In 2000 the CMP embarked on series of video workshops with members of the Organization of Campesino Environmentalists (O.C.E.), who are located in the mountain range of Petatlán. The CMP collaborated with Miguel Augustin Pro Juarez Human Rights Center to produce Defending the Forests: The Struggle of the Campesino Environmentalists of Guerrero. The video was an integral part of the international campaign to free jailed OCE activists, Rodolfo Montiel and Teodoro Cabrera and was distributed by Amnesty International, the Sierra Club and Greenpeace.

The OCE has also opened an office in the town of Petatlán where the CMP is currently conducting video production workshops, equipping four more communities with video equipment.

In Summer 2001, the CMP began video workshops in the montaña region where most of Guerrero’s indigenous communities are located. These workshops are organized through the Human Rights Center of the Montaña, Tlachinollan, in Tlapa, Guerrero. The CMP together with Tlachinollan in 2002 received a three year grant from the MacArthur Foundation to systematically document human rights abuse cases in the montaña region. This grant is a unique opportunity that will allow for the first time this type of documentation that will invaluable in prosecuting these abuse and will help draw international attention to the serious human rights situation in Guerrero.

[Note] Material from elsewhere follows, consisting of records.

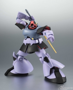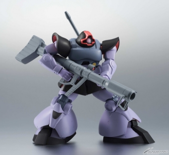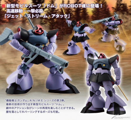 「ROBOT魂 ドム ver. A.N.I.M.E.」は、腹部だけでなく胸部にも可動軸が設けられているほか、肘や膝の圧倒的な可動によって劇中のアクションやシーンを再現可能。また、「ヒート・サーベル」などの武装と「ダメージガンダムシールド」が付属する。
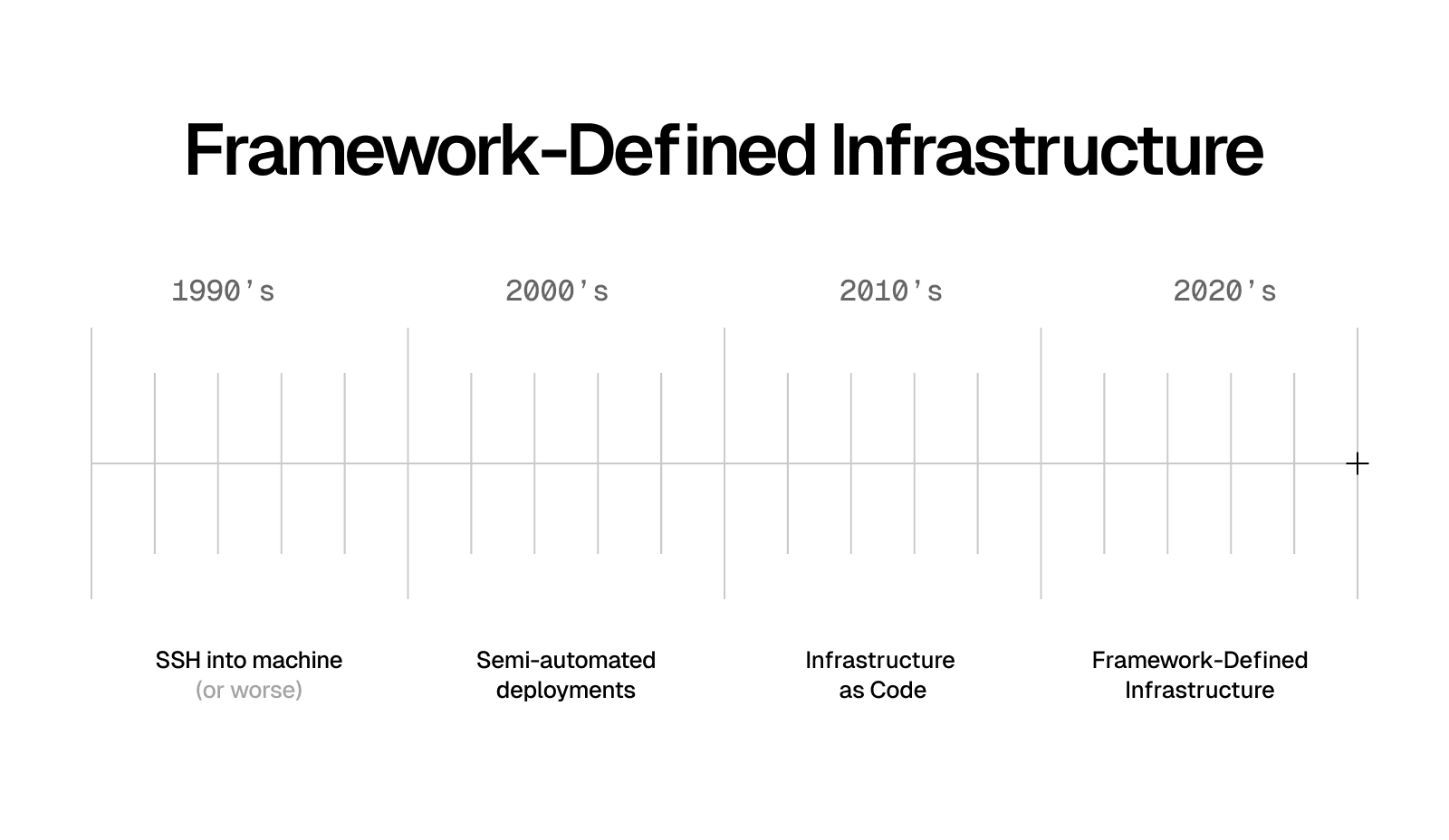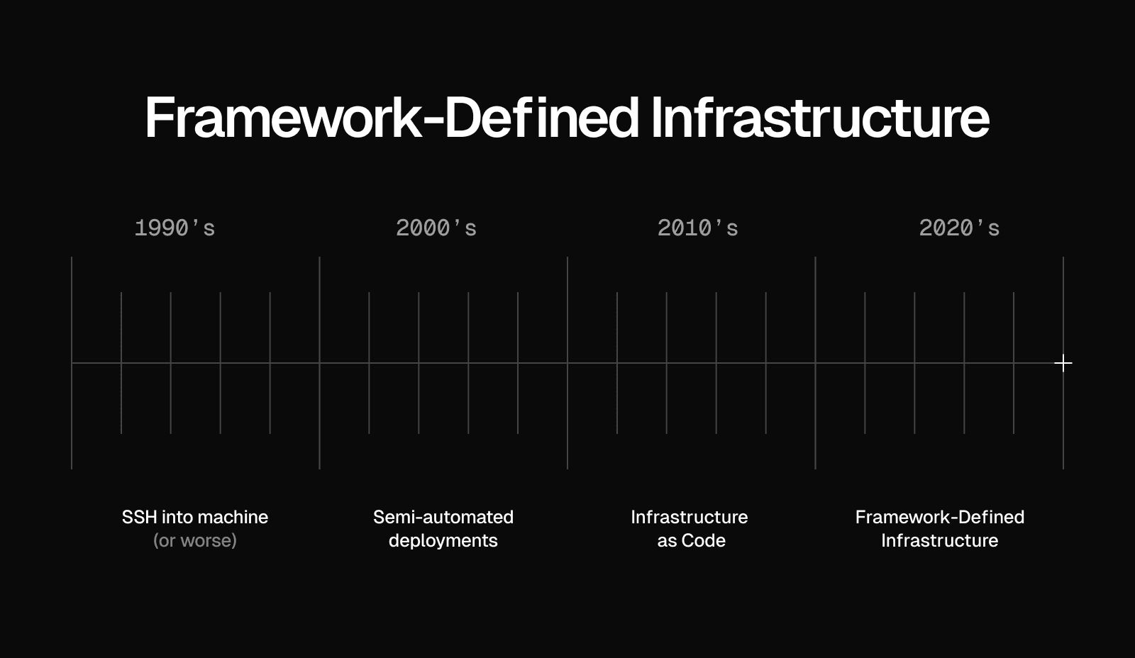 Vercel's frontend cloud, for example, uses Framework Defined Infrastructure to generate and manage infrastructure outputs without any developer intervention. This abstraction frees developers from infrastructure concerns, allowing them to focus on innovation, differentiated user experiences, and for the first time, consistently achieve all six core principles of application delivery: speed, global presence, scalability, dynamism, reliability, and security.
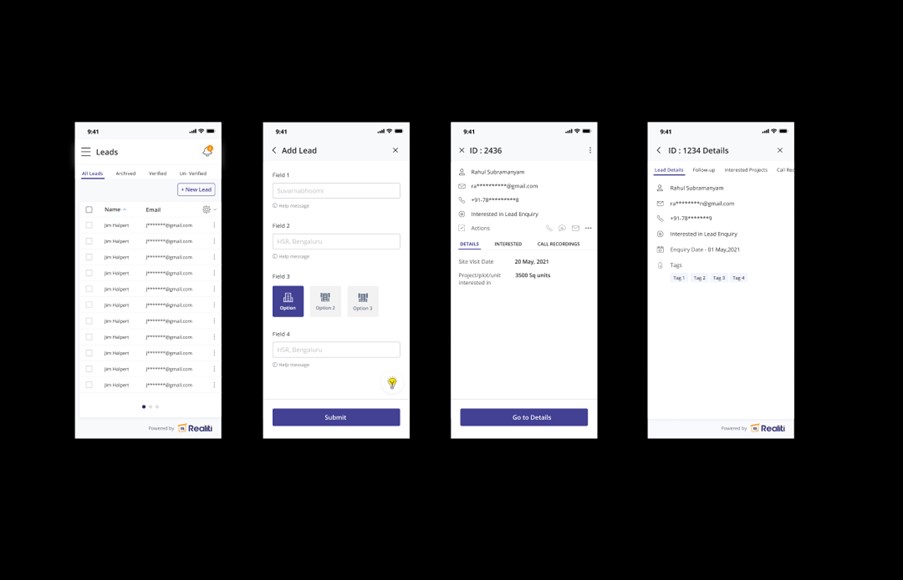 • The mobile responsive screens of all the above lead management system and the detailed enquiry information are shown below.
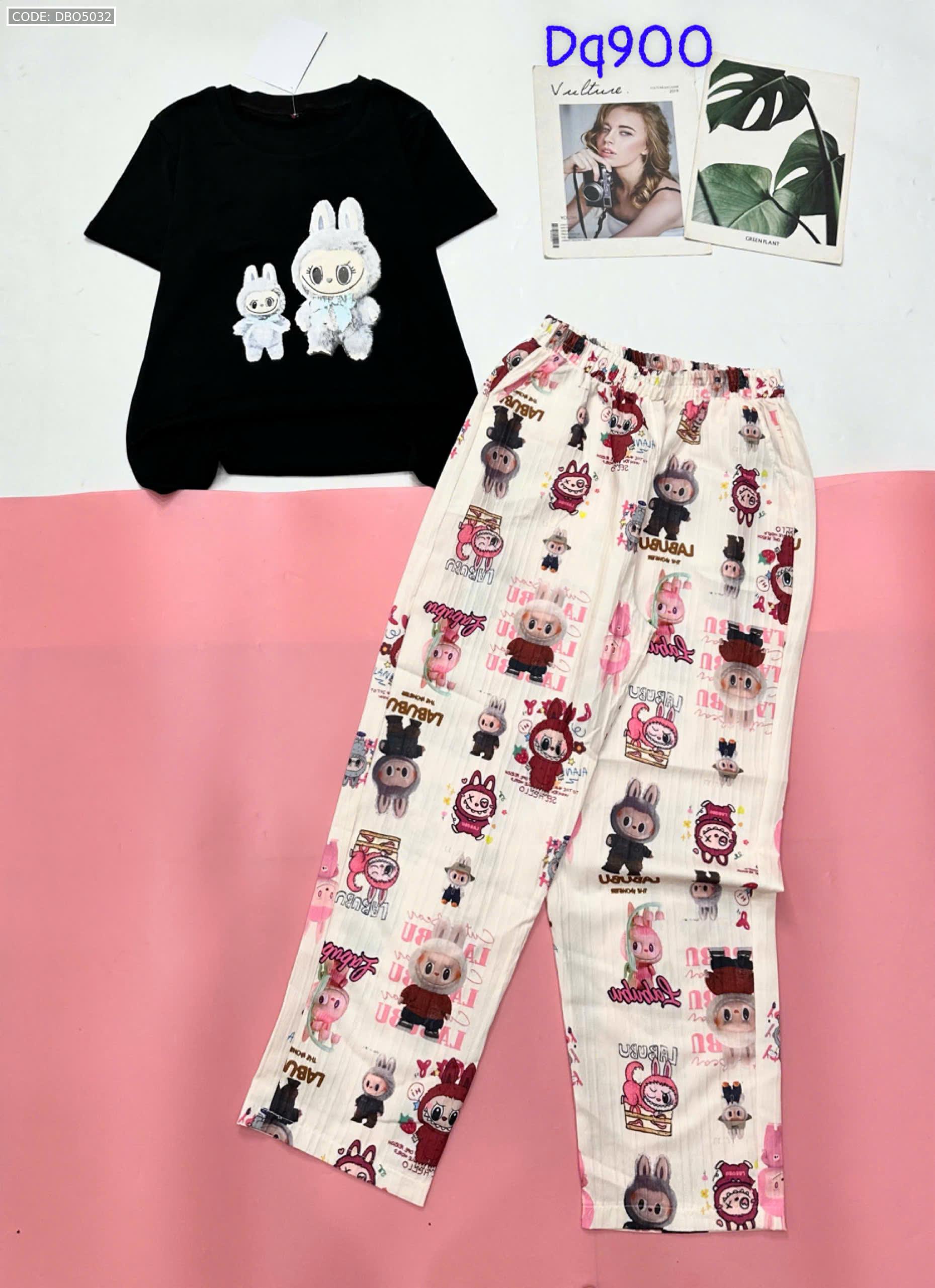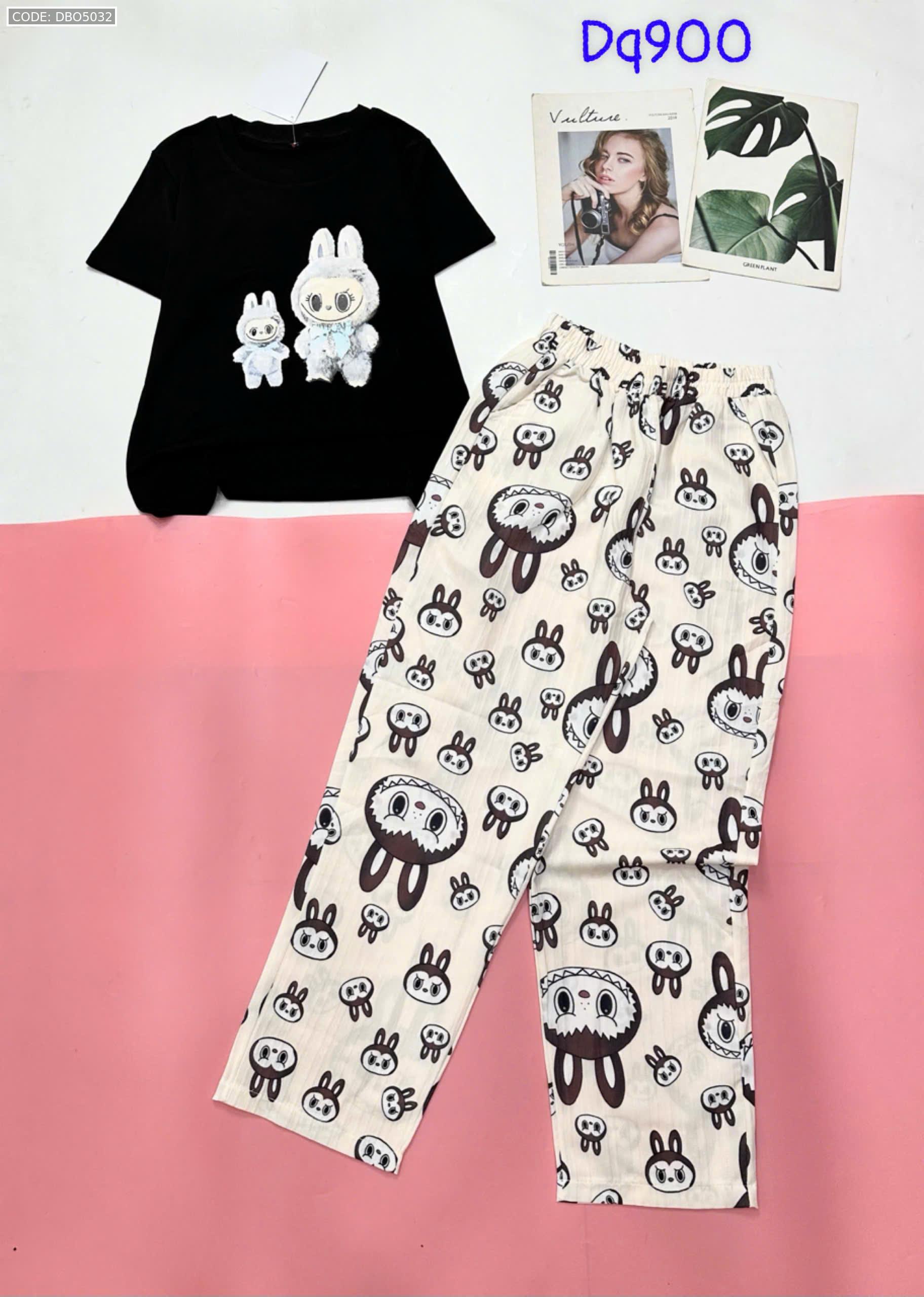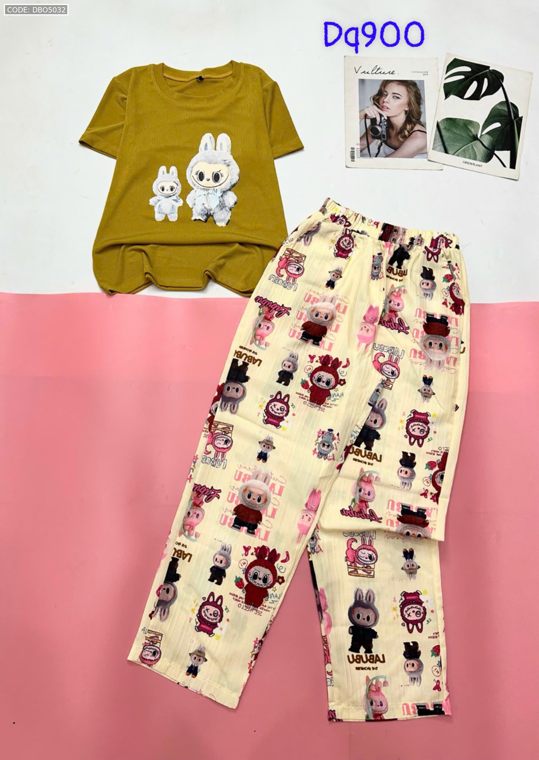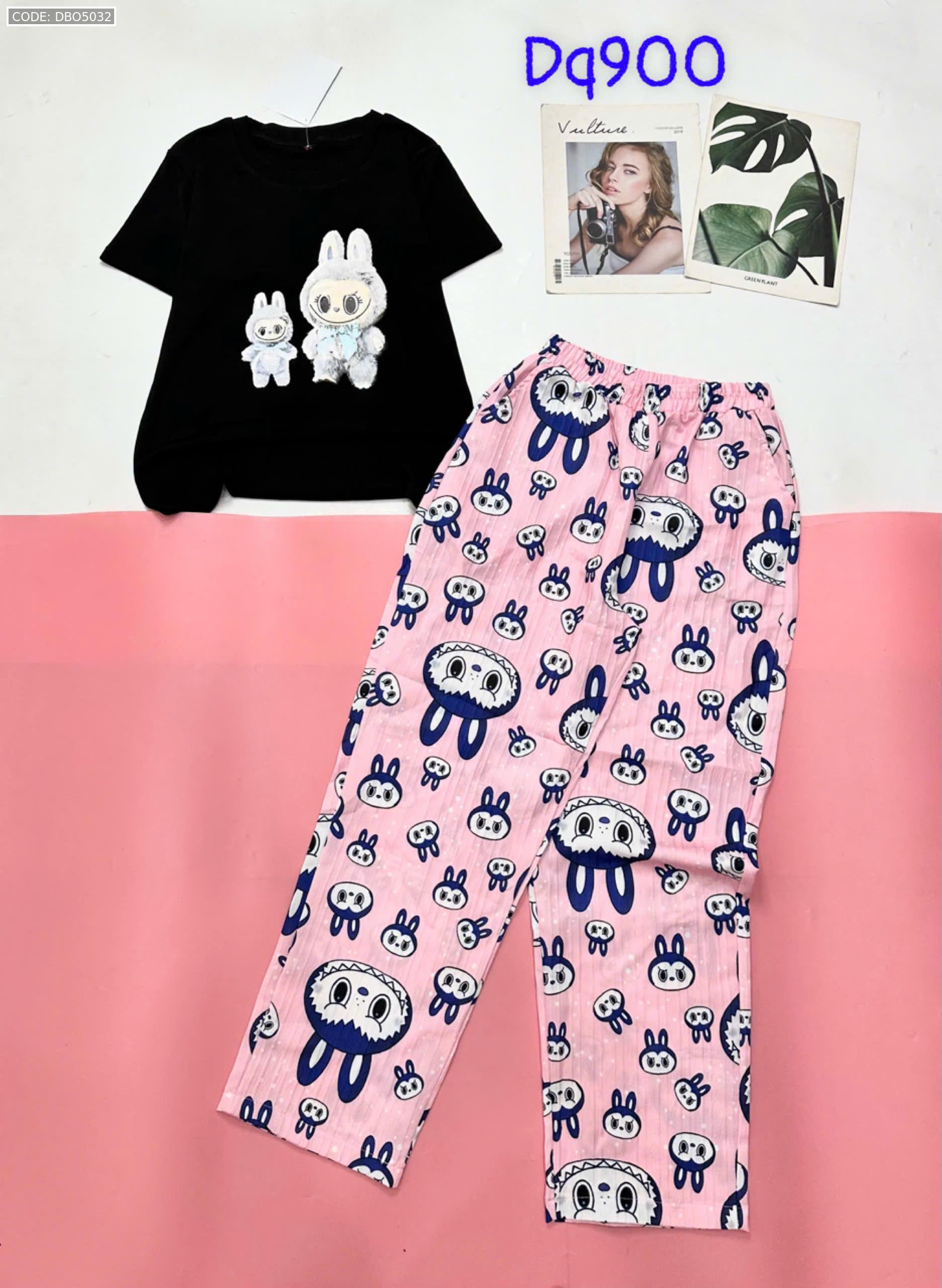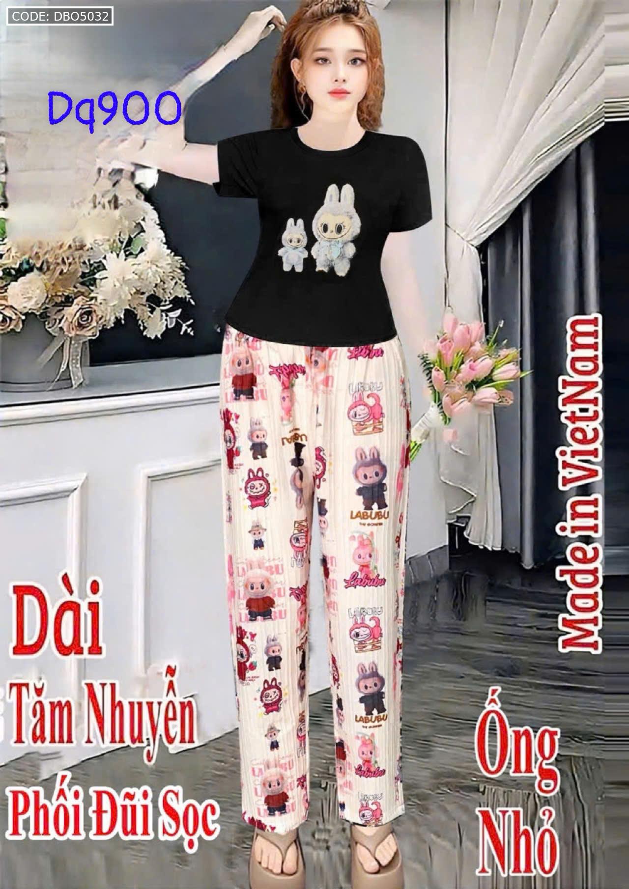 Đồ bộ quần dài áo tay ngắn tăm nhuyễn phối đũi sọc ống nhỏ

In 2001 the Chiapas Media Project also began working with the Indigenous Community Police (ICP) in the costa-montaña region of Guerrero. Faced with injustice and corruption, 42 Mixteco and Tlapaneco communities in the Costa- Montaña region of Guerrero established the ICP in 1995. Based on their traditional justice system, the ICP is a volunteer organization elected by regional assembly. Since the ICP has been operational, crime has dropped substantially, organized crime has nearly disappeared, and corruption within public security is non-existent. Instead of supporting the ICP, the government has publicly attacked them, claiming that they function outside of the law.

The CMP recently finished producing a video on the ICP, Reclaiming Justice: Guerrero’s Indigenous Community Police. The video is currently being distributed internationally with screenings at the Smithsonian National Museum of the American Indian, various universities and film and video festivals.